Ayn Rand has proved the same in this 1943 classic, which can be described as ‘a hymn in the praise of an individual’. She has created a new style of writing with ‘The Fountainhead’ and her a subsequent novel ‘Atlas Shrugged’(1957). Both are valuable pieces of writing, having sold more than 5 million copies each. Rand, a Russian who migrated to the United States, took more than seven years to finish ‘The Fountainhead’. The novel was rejected by 12 publishers, and was finally accepted by the Bobbs- Merill Company and later went on to become an international bestseller.

The novel’s protagonist, Howard Roark is not the most loved person. He is not even the most liked person. But his strength lies in his belief of being indifferent to all except his work. He is the a compulsive dreamer, a man so honest, that he has never been affected by the frivolities of the world. His behavior may come across as rude, but his mindset is clear, as he aims to breakthrough the conventions of the world. He is honest, and blunt. A man so emotionally strong and content that work gives him the ultimate joy.
On the other hand, we have Peter Keating, frivolous and close minded. His main aim is to achieve success by hook or by crook. Unlike Howard, he is not a dreamer and thus gains popularity by being the superior’s pet or by diluting the importance of others.
Rand has created the plot of such a serious novel with love, ego, jealousy and passion, all well balanced. Dominique (Howard’s love), Gail Wynand, and Toohey make a mark as their characters have been uncompromisingly described.
This book is the ultimate classic. Telling the story of a hard working and never compromising Howard Roark, who is trialed by his school, his superiors, his love and the law. Affected only by his work and love, he emerges as the ultimate winner at in the end. Ayn Rand, teaches the reader to dream and be the most honest with his work. Drawing a contrast between Howard and Peter, the author justifies Peter’s selfishness as his weakness, and in the end, the reader is filled not with hatred, but with deep pity for him. It is the writer’s passion for her work that is reflected in through Roark’s character.
Drawing out very simple, but true images of the characters, their described physical appearances explains their nature.
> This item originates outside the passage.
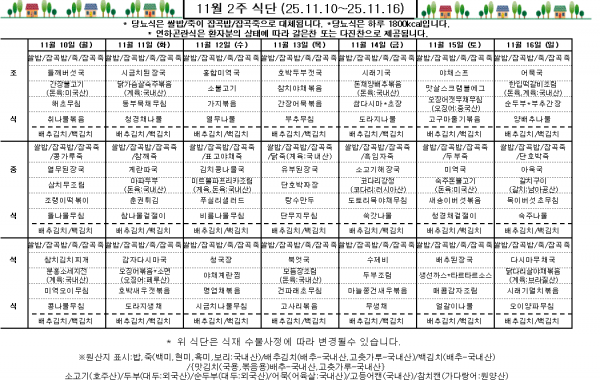 "금주의 식단 메뉴를 확인 할 수 있습니다."

The book is easy to read but lengthy. Portraying different types of people from the different walks of life, all in a single maze, is defintely a triumph for the author. A change from the usual, melodramatic tales of the rich and beautiful, the blatant honesty of this book help the reader introspect and think of the superficialities of the world. The book is a 600 page journey in the life of Howard Roark, where you identify with him, laugh with him, work with him, cry with him, and win with him.

This book is a work of fiction, but has been influenced by people’s behavior and leanings.
Ayn Rand manages to astonish the reader with her boldness in writing, and simplicity in reasoning. She is truly a master of words, thought and of course, the creator of a legend.